Bazılarını değiştirmek için çabalarsınız, uğraşırsınız sonuç hep aynı. Sadece çabaladığınızla kalırsınız. Çözüm yolu açıktır, ya öyle kabul edeceksiniz ya da çekip gideceksiniz.

Bazı zamanlarda değişir fikrine kapılıyorum. Bir dönem vakit geçirdiğiniz, beraber gülüp, ağladığınız kişi sonrasında hiç ummadığınız şeyler yapar. Hatta kişiliğine ters düşen şeyleri bile yapar. O zaman da işte diyorum kendime insanlar değişir, kimseye güvenme. Başka bir bakış açısıda şu olabilir, tanıyamamışım diyorum. Ne kadar zaman geçerse geçsin hayal kırıklığının sonununda tanıyamamışım demek!

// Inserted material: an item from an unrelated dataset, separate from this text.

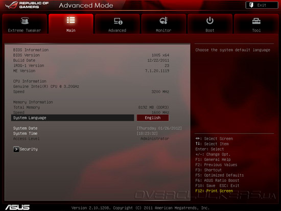 В рассматриваемой версии прошивки второй является вкладка Main, в которой собрана основная информация о системе, включая время и дату, версию прошивки, информацию об установленном процессоре и оперативной памяти.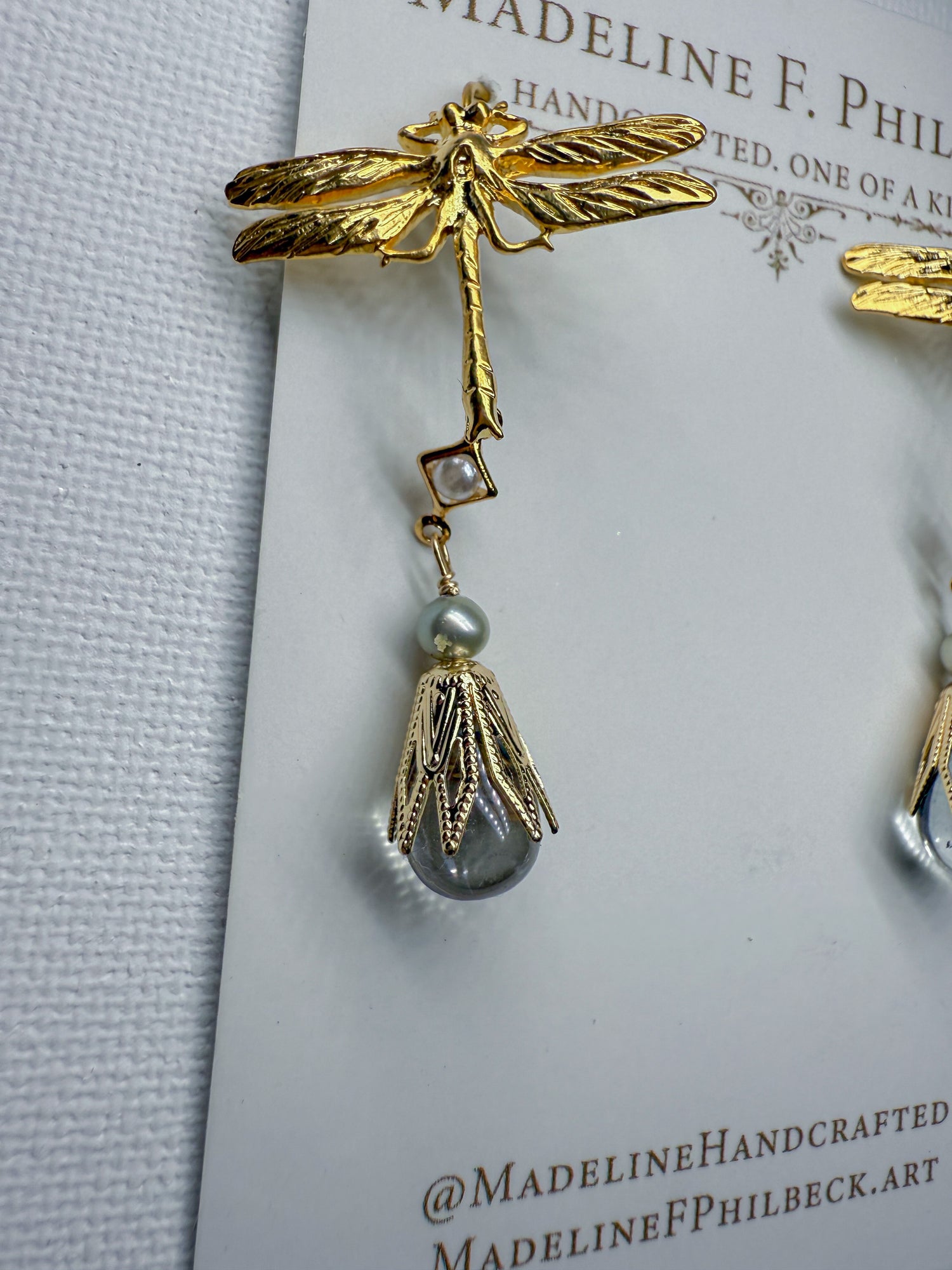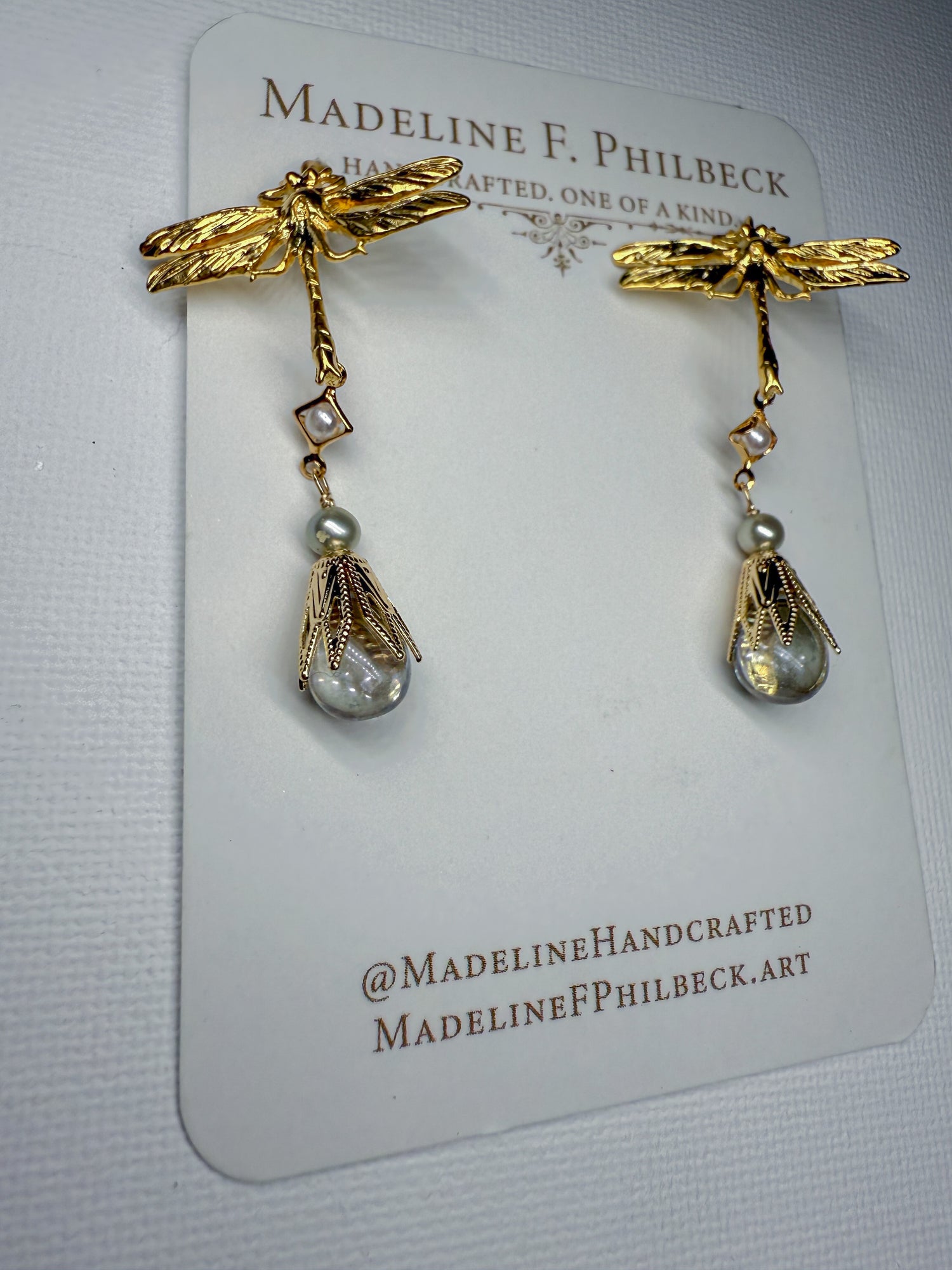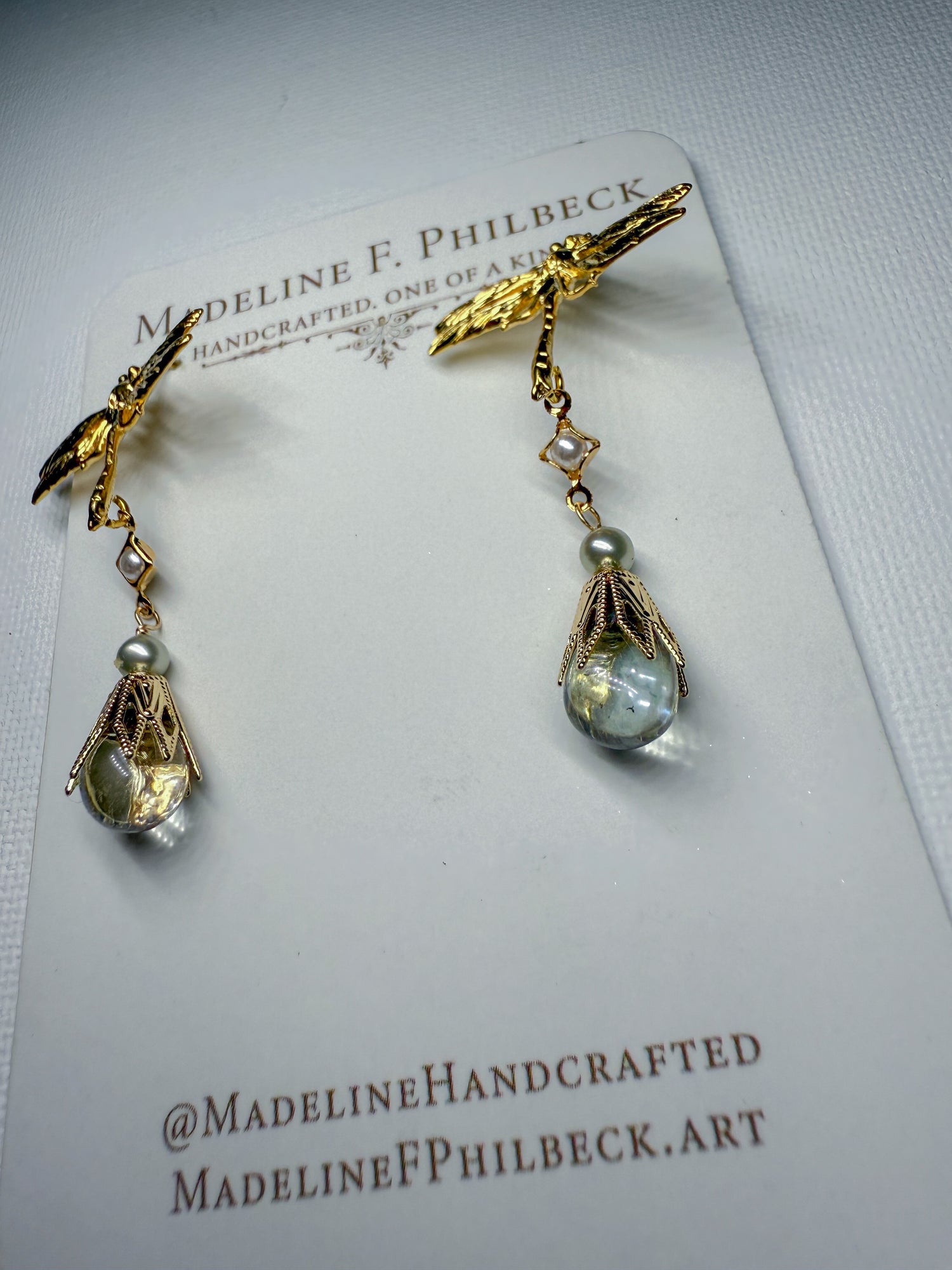 Aquamarine and caged caps with bezeled pearl on brass dragonfly hooks

Bir insanı tanımak ne kadar zaman alır? Değişen bu süreçte karşımızdaki gerçekten kendini tanıtmak istemiş midir? Bazen insanlar oldukları kişiden çok olmak istedikleri kişiymiş gibi kendinden bahsederler ama er geç ortaya çıkar gerçek kişilik. O zaman deriz işte "tanıyamamışım". Asıl soru, sen tanımak mı istedin, inanmak mı? Cevap size kalabilir.

Değişir mi değişmez mi sorusunun cevabını bulmak için kendimden yola çıkmak istiyorum. Ben değiştim mi? Hem evet hem hayır. Düşünüyorum 5 sene önceki benle şimdi ki aynı değil. Çok ileri gitmeme gerek bile yok geçen seneden bu yana bile çok şey yaşadım, tecrübe ettim. Dün bile farklıydım. Şunu çok iyi biliyorum ki insan kötü olaylardan sonra daha çabuk değişebilir. Aslında bende değişen şey bakış açım, yaptıklarım, mutlu olduğum şeyler, becerilerim değişti. Değişmeyen de çok şey var. Biri sen nasıl birisin derse cevabım değişmeyenlerden yana olur. İnsanın düşünceleri her dakika değişir. İnsanın içinde, en derininde bir yerde bir öz vardır. İşte ona ne yapsan değişmez. Onun adı karakterdir.